Main wiring is one of the important factors affecting the reliability and flexibility of a power system. Changes of its operating modes and the maintenance of equipment in its switchgear are inevitably achieved by changing over switchgear’s states (e.g., a switch or disconnector is on or off), which is called switching operation. The process of switching operation alters the circuit connection formed by each electrical component in a power system and correspondingly operating parameters in it such as voltage, current, power, etc. When in power plants and substations are applied simple forms of main wiring (e.g., single bus wiring, etc.) or in complex forms of main wiring is carried out switching operation with few steps, the influence of above alteration of operating parameters on the normal steady-state operation of the power system may be ignored.

However, forms of main wiring of high reliability and flexibility with busbars (such as double bus wiring, etc.) are complex, and there is not only one practicable scheme for sequences and steps of switching operation. Taking changeover busbars in a form of double bus wiring for an example, even if the same kind of switching operation with the same initial operating mode is conducted, such as maintenance of busbars in operation, there are at least two schemes to realize make-before-break operation of busbar section disconnectors^5,6: one is that making disconnectors connected to busbars in reserve in all bays before breaking disconnectors connected to busbars in operation in those bays; the other is make-before-break from one bay to another one by one, that is, making disconnectors connected to busbars in reserve in the first bay before breaking disconnectors connected to busbars in operation in the same bay, and then making and breaking in the second bay, in the third bay, etc. Different operation sequences form different circuit connections of main wiring, where it is possible to make current flowing through segments of busbars, switchgear, incoming and outgoing lines increase to be overcurrent temporally, which inevitably produces an influence on expected service lives of above-mentioned equipment. It will avoid the occurrence of short-term overcurrent phenomena in main wiring and build a theoretical foundation for the automated and intelligent development of switching operation to analyze and study the influence of its different sequences.

Taking main wiring as a research subject rather than the power system which includes the main wiring, a circuit model of busbars with resistance and reactance has to be established. The resistance calculation of busbar conductors has been discussed in detail in reference^1,7, where the calculation method of their reactance parameter is missing.

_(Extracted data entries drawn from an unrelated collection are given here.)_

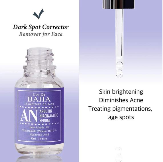 COS DE BAHA (AN) Arbutin 5% + Niacinamide 5% Serum is designed for all skin types looking to brighten and even out skin tone. This powerful serum combines 5% Arbutin and 5% Niacinamide, which work together to reduce hyperpigmentation and enhance skin clarity. The addition of Aloe Barbadensis Leaf Extract and Sodium Hyaluronate provides deep hydration, while botanical extracts like Witch Hazel and Rosemary soothe and protect the skin. Ideal for daily use, this serum helps achieve a more radiant and uniform complexion.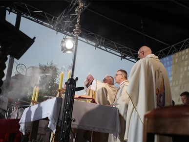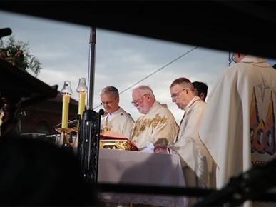 U homiliji mons. Gallagher kazao je: "Iz pepela požara, iz razaranja ovoga grada, pojavio se sačuvan lik Marije, Majke Božje od Kamenitih vrata, slika koja je - kao očuvana milosrđem nebeskoga Oca - u trpljenjem pogođenima i dezorijentiranim građanima, zajedno s divljenjem, pobudila, upalila i nadu. U današnjemu svijetu ne nedostaje prizora tragičnih razaranja. Mnoga od njih uzrokovana su prirodnim pojavama, ali mnoga, nažalost, i onom ljudskom besmislenošću koju papa Franjo već poduže definira "trećim svjetskim ratom u komadićima" koji se pretvara u "istinski i pravi globalni sukob". Evo zašto je dobro da zajedno budemo zagledani u ovu sliku; da kleknemo pred nju, sigurni da majka ne napušta svoju djecu, nikada, a kamoli u času kušnje."
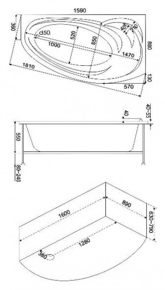 - Размеры: 1600 х 880 мм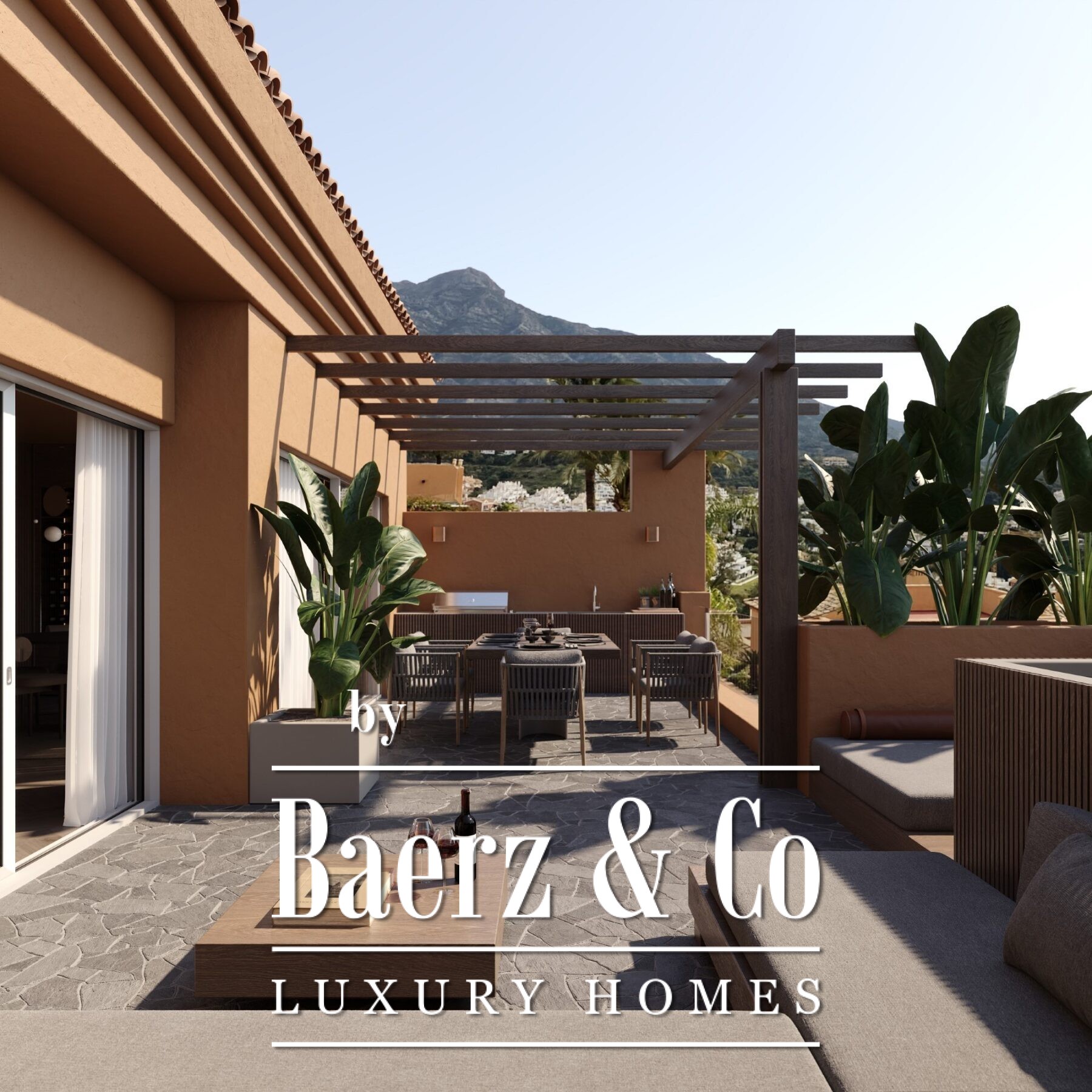 Dit duplex penthouse appartement in Marbella is een toonbeeld van verfijnde moderniteit en biedt 305 m² volledig heringerichte leefruimte, gerealiseerd met compromisloze aandacht voor vakmanschap. De renovatie combineert invloeden uit het midden van de vorige eeuw met hedendaags design; donker eikenhout en parketvloeren zorgen voor warmte, opgelicht door kleinformaat tegels in olijf- en koningsgroen. Vanaf het terras verbinden zee- en bergzicht de woning met het befaamde landschap van Nueva Andalucía.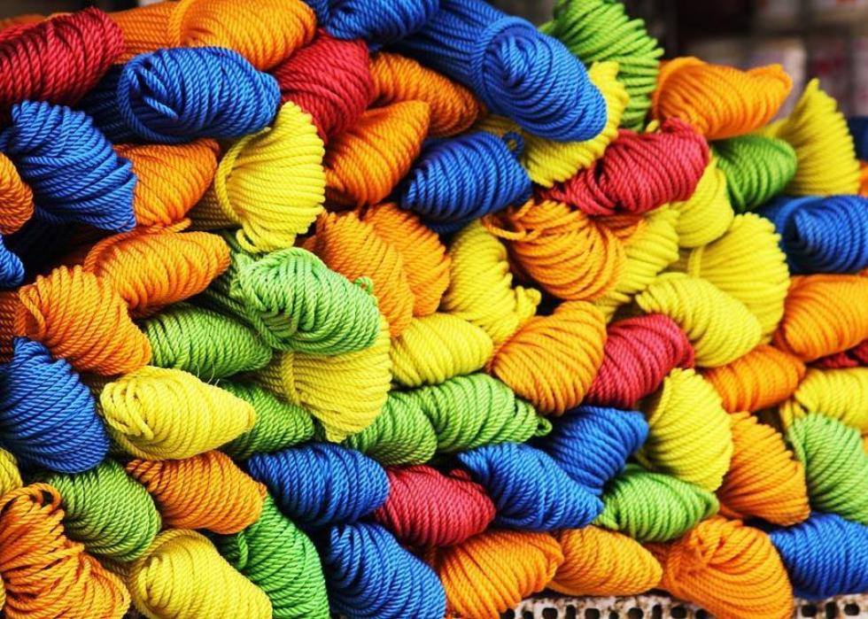 Producing a pound of wool requires about 101 gallons of water. Sheep need water to survive, and a significant amount of water is needed to dye wool.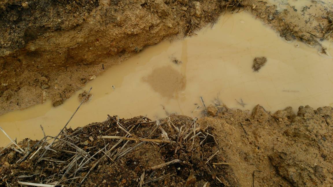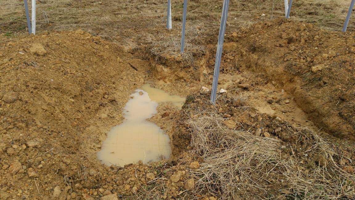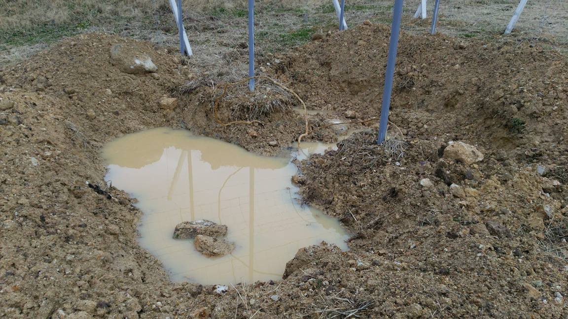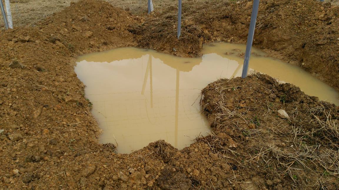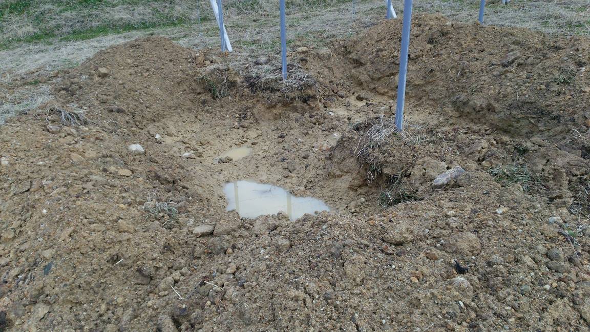山を開拓した場所なので、やはり植穴3m×3m、深さ60㎝~80㎝を掘ると、そこだけプールの状態になる。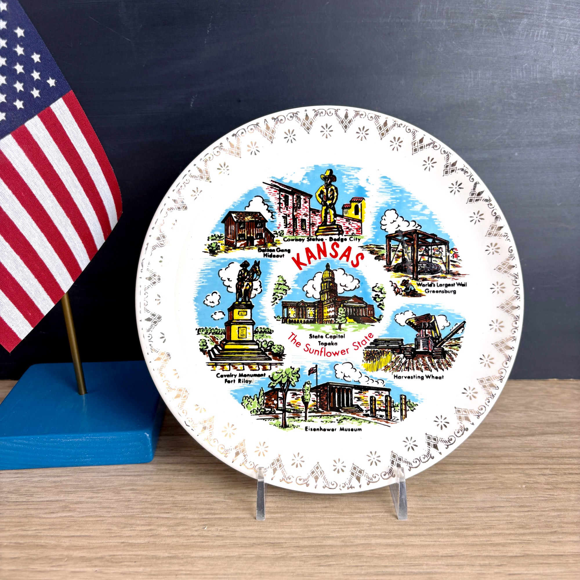 Kansas souvenir plate – “The Sunflower State” mid century collectible decor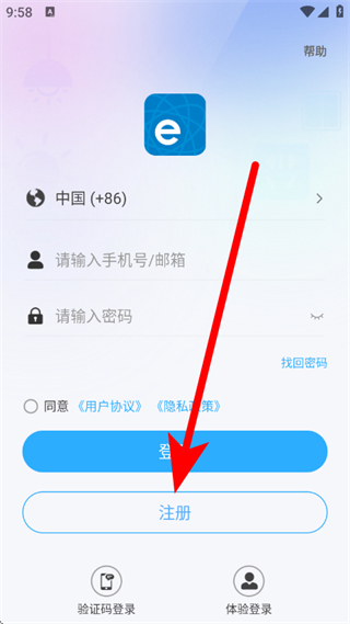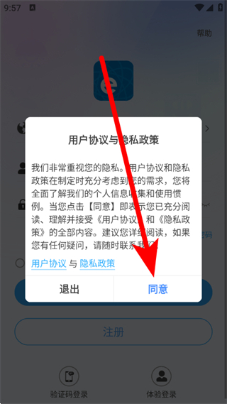 1、打开易微联,在弹出提示框,点击同意,进入登录页面。
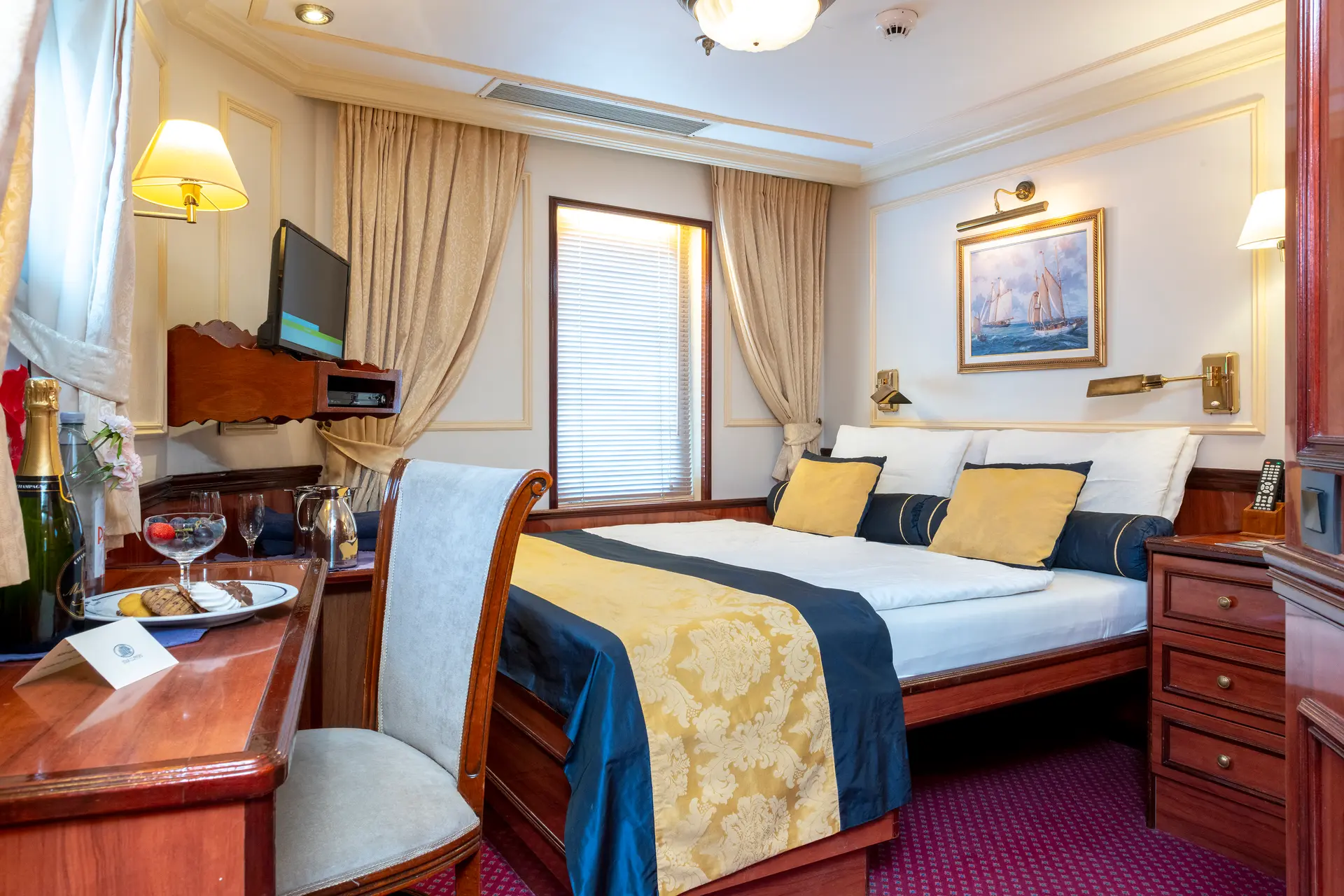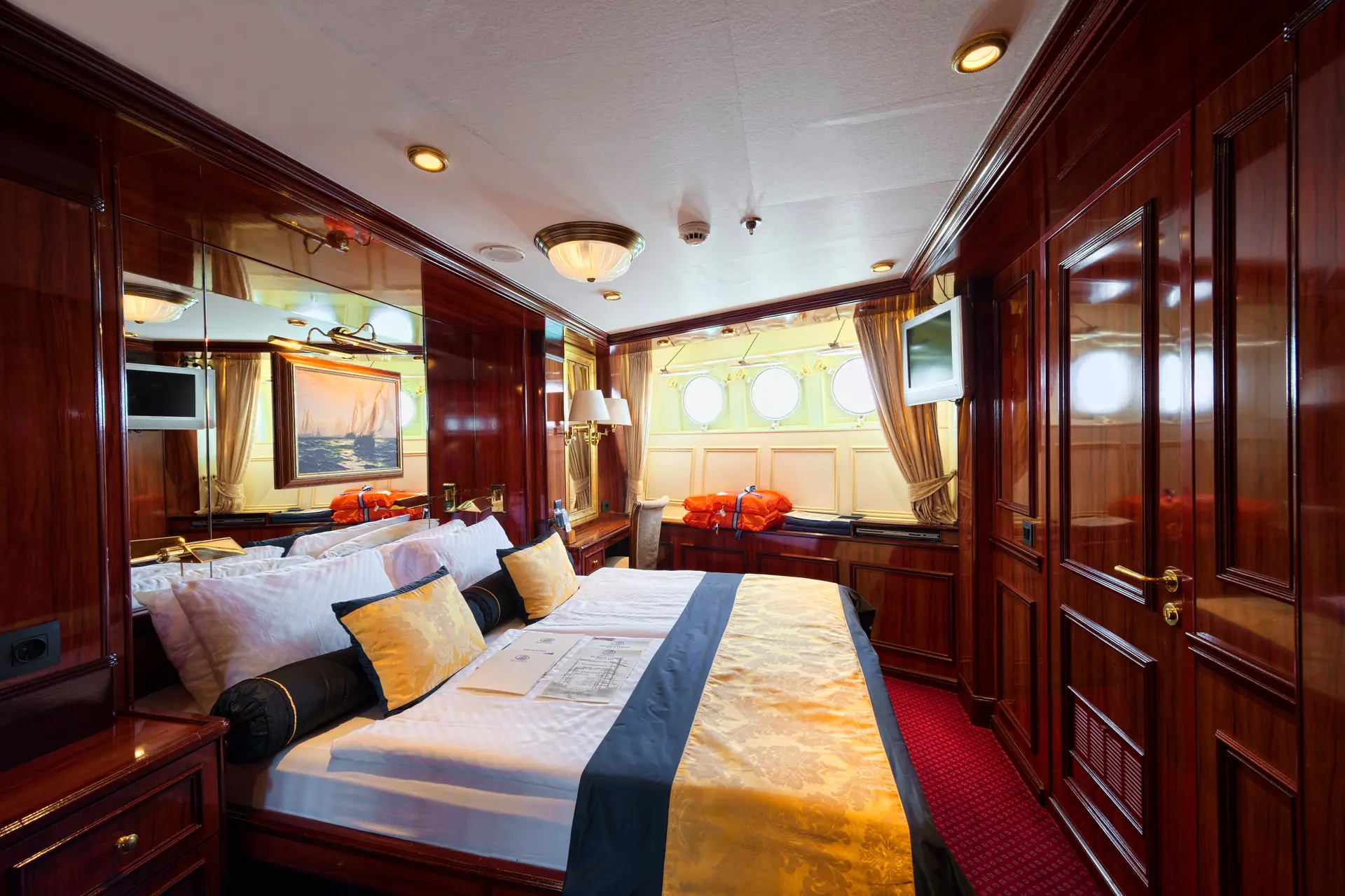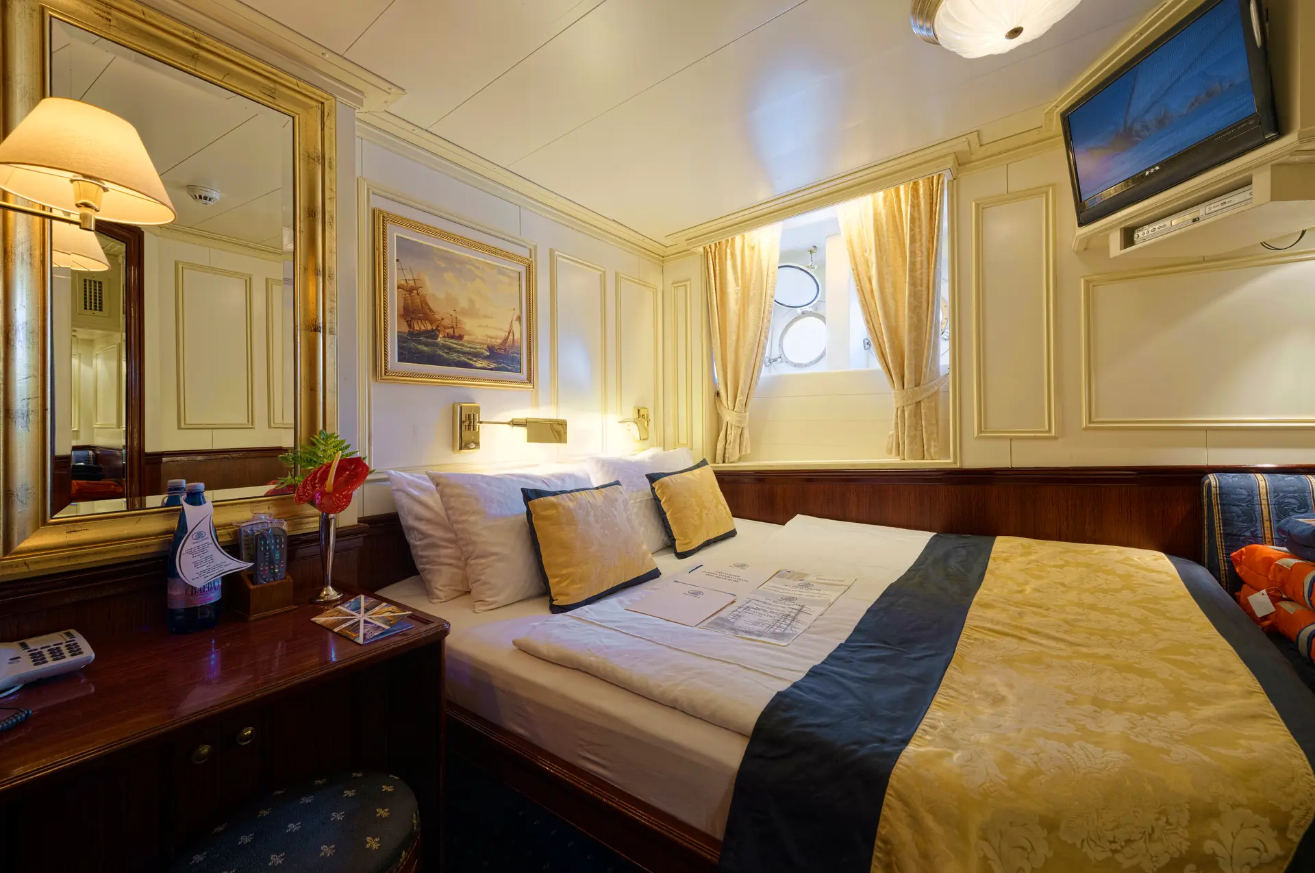Los camarotes de Categoría 5 del Royal Clipper, con unos 13 m², son perfectos para 2 adultos y un niño. Equipados con dos camas individuales que se convierten en cama doble, cuentan con baño privado con lavabo, WC y ducha. Incluyen amenities como secador de pelo, caja fuerte, aire acondicionado individual y TV vía satélite.

Scholars, engineers and technicians in China have been researching and practising on the calculation of resistance and reactance of conductors. For example, in reference⁸ a simplified calculation formula of the reactance of rectangular busbars was derived by using the functional relation between the values of reactance of the conductors and their cross-sectional areas, and when the areas exceed 400 mm² there occurred a large error. In reference⁹ the impedance values of conductors in bus ducts were calculated by using measured data. In reference¹⁰ a numerical calculation was carried out on the internal impedance of conductors with a rectangular cross-section, and a method to obtain their internal inductance was proposed by calculating magnetic induction using derivatives of a geometric mean distance and then calculating the magnetic energy using the Boundary Integral Method. In reference¹¹ the impedance of long cylindrical conductors was rederived by using the Bessel function, and long conductors with various abnormal shapes were equivalent to the long cylindrical ones to calculate their impedance based on the electromagnetic theory. Considering a skin-effect, in reference¹² closed-form formulas to calculate the internal impedance of solid and tubular cylindrical conductors were presented by using polynomial approximations of Bessel functions with large parameters.

A great of counterparts outside China have also performed much work in this area. Authors of references^13,14 investigated the self-inductance of a long conductor and the inductance of a single-phase line with a rectangular cross-section respectively and proposed new exact closed formulae. In reference¹⁵ the same authors proposed a new numerical method of calculating the impedance of a rectangular busbar system. In reference¹⁶ an analytical method for calculating impedances of rectangular bus ducts was presented. An interesting vector synthesis method was proposed in reference¹⁷ to solve the stray inductance of the laminated busbars connected to capacitors with switching power modules. In reference¹⁸ a novel numerical approach based on the fast Fourier transform and the convolution theorem was proposed to model the rectangular conductors of the busbar system. In reference¹⁹ a novel numerical technique, i.e., the Proper Generalized Decomposition, for the calculation of dc and ac internal inductances of rectangular conductors was introduced.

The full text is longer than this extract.